Where a record holds a picture, leave the picture out; otherwise repeat every record exactly.
══════════════════════════════
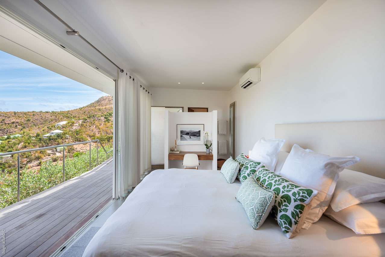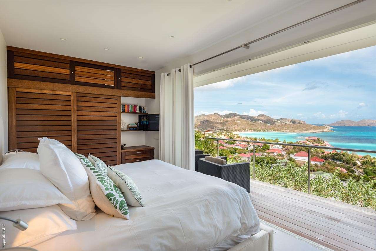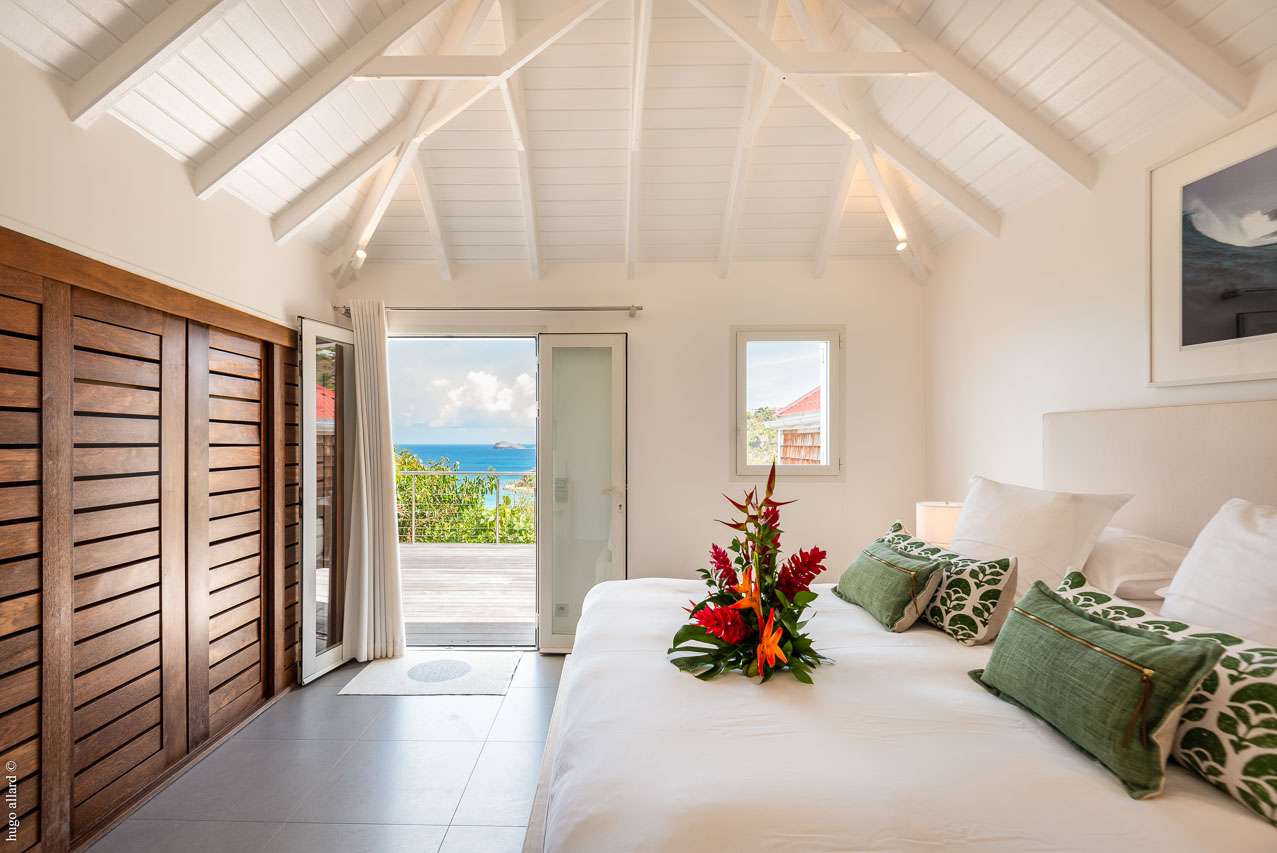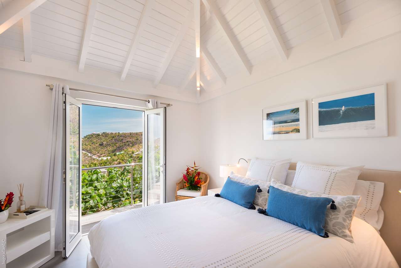 The fourth bedroom is on a lower level, accessed via a staircase by the swimming pool. This room is ideal for those who are after a bit more privacy; it features a king-sized bed and incredible views over St. Jean below.
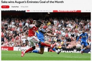 體育資訊9月11日訊 阿森納官方消息,薩卡對陣利茲聯(lián)的抽射破門當選8月隊內最佳進球。
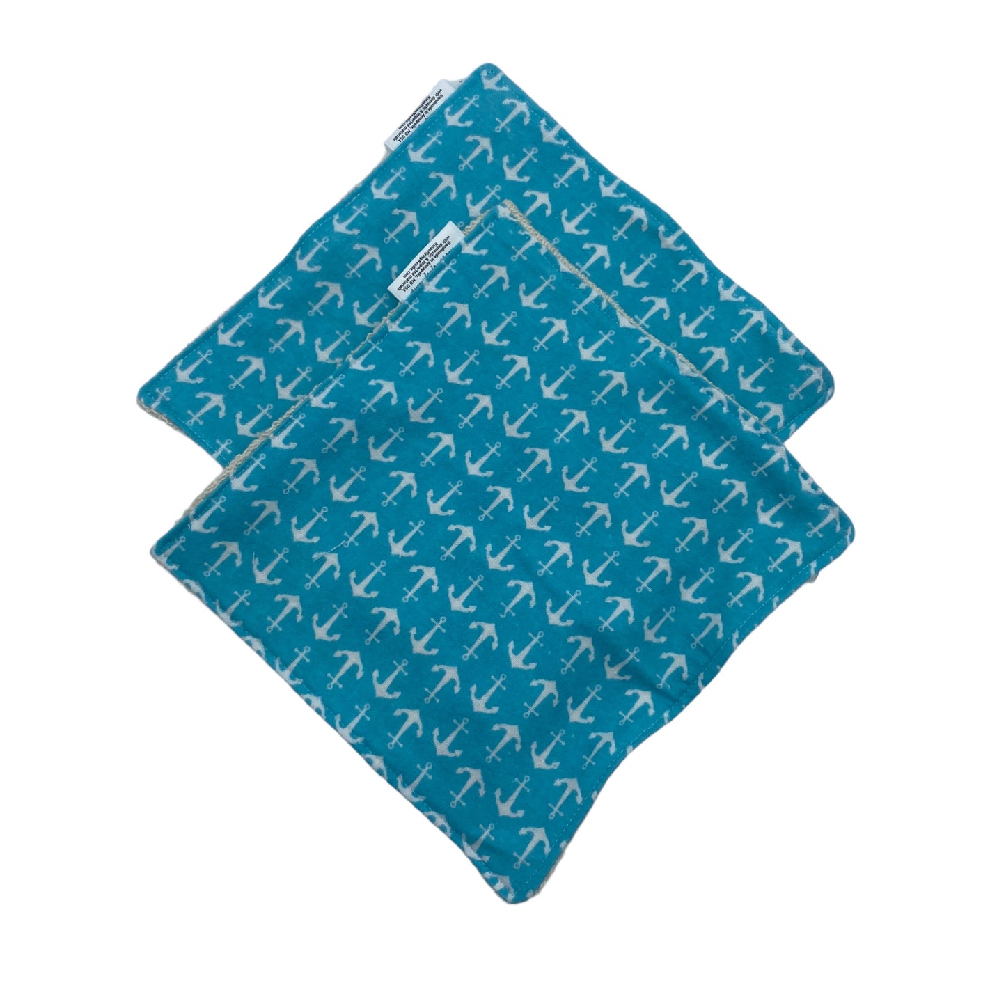Discover the versatility and eco-friendliness of our Wash Cloth - Regular - Anchors. This set of 2 hand-sewn, reusable cloths is made from 100% organic French terry cotton on one side and 100% organic flannel with white anchors on teal on the other side. Measuring 8 x 8 inches, these wash cloths can be used as baby wipes, face wipes, or toddler napkins, eliminating the need for disposable wipes, cotton balls, or facial rounds. The more you wash the flannel material, the more absorbent it becomes. Get maximum usage out of our wash cloths by using them to scrub away messes, apply skincare, cleanse, or remove makeup. They also make an excellent gift for new moms or moms-to-be. To maintain their quality, simply wash in the machine with like colors on warm, then tumble dry low or iron as needed. Upgrade your daily cleaning routine with our Wash Cloth - Regular - Anchors.
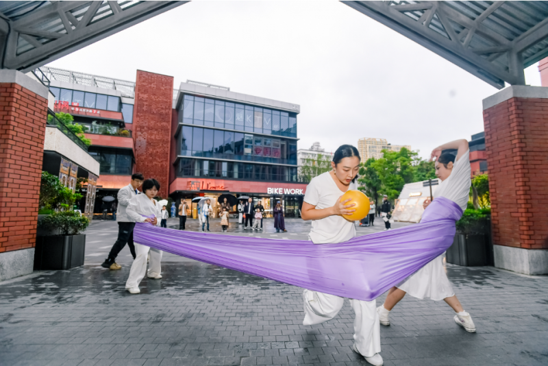在平和坊广场、咸安坊等地,“艺术生活戏剧周”活动打破传统封闭舞台的限制,艺术家们与市民游客亲密互动。观众跟着演员轻声念白,举起手机记录精彩瞬间,追着“玩偶”奔跑,感受戏剧带来的欢乐与惊喜。历史街区变身“零门槛”公共剧场,市民游客能够轻松欣赏甚至参与到演出当中,享受这场当代戏剧的独特体验。
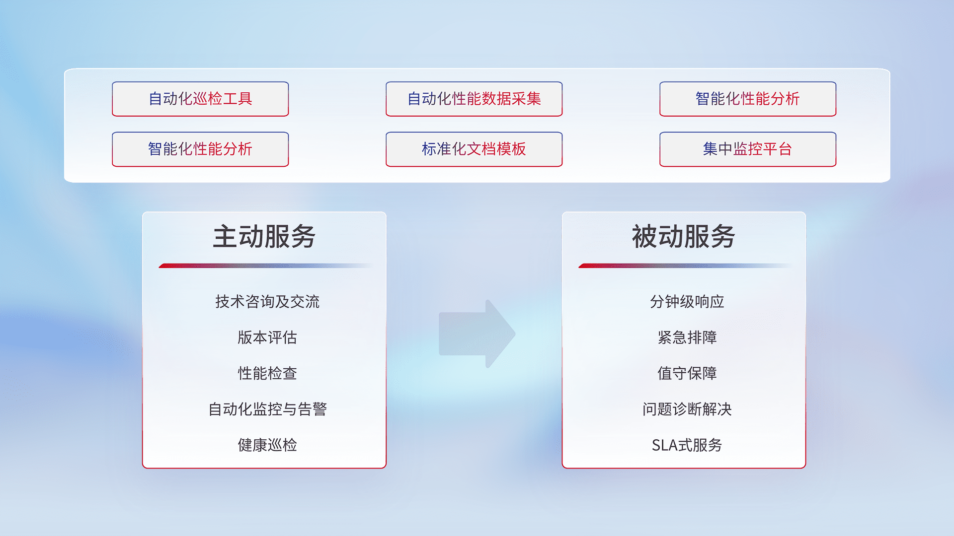 智能化工具和标准化文档,,,保障服务质量,,提供主动服务(包含技术咨询、、、版本评估、、、性能检查、、、自动化监控与告警、、健康巡检)和被动服务包含(分钟级响应、、、、紧急排障、、值守保障、、问题诊断解决、、SLA服务)。。
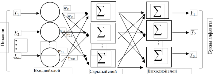 На вход нейросети подаются пиксели изображения, т. е. данный слой состоит из n × m нейронов, где n – высота изображения, а m – ширина. Выходной слой состоит из k нейронов, где k – размер используемого алфавита. Для каждого слоя, кроме первого, входным параметром будет являться выходной вектор предыдущего слоя.
══════════════════════════════
**Solved exercise:**
 The fourth bedroom is on a lower level, accessed via a staircase by the swimming pool. This room is ideal for those who are after a bit more privacy; it features a king-sized bed and incredible views over St. Jean below.
 體育資訊9月11日訊 阿森納官方消息,薩卡對陣利茲聯(lián)的抽射破門當選8月隊內最佳進球。
Discover the versatility and eco-friendliness of our Wash Cloth - Regular - Anchors. This set of 2 hand-sewn, reusable cloths is made from 100% organic French terry cotton on one side and 100% organic flannel with white anchors on teal on the other side. Measuring 8 x 8 inches, these wash cloths can be used as baby wipes, face wipes, or toddler napkins, eliminating the need for disposable wipes, cotton balls, or facial rounds. The more you wash the flannel material, the more absorbent it becomes. Get maximum usage out of our wash cloths by using them to scrub away messes, apply skincare, cleanse, or remove makeup. They also make an excellent gift for new moms or moms-to-be. To maintain their quality, simply wash in the machine with like colors on warm, then tumble dry low or iron as needed. Upgrade your daily cleaning routine with our Wash Cloth - Regular - Anchors.
在平和坊广场、咸安坊等地,“艺术生活戏剧周”活动打破传统封闭舞台的限制,艺术家们与市民游客亲密互动。观众跟着演员轻声念白,举起手机记录精彩瞬间,追着“玩偶”奔跑,感受戏剧带来的欢乐与惊喜。历史街区变身“零门槛”公共剧场,市民游客能够轻松欣赏甚至参与到演出当中,享受这场当代戏剧的独特体验。
 智能化工具和标准化文档,,,保障服务质量,,提供主动服务(包含技术咨询、、、版本评估、、、性能检查、、、自动化监控与告警、、健康巡检)和被动服务包含(分钟级响应、、、、紧急排障、、值守保障、、问题诊断解决、、SLA服务)。。
 На вход нейросети подаются пиксели изображения, т. е. данный слой состоит из n × m нейронов, где n – высота изображения, а m – ширина. Выходной слой состоит из k нейронов, где k – размер используемого алфавита. Для каждого слоя, кроме первого, входным параметром будет являться выходной вектор предыдущего слоя.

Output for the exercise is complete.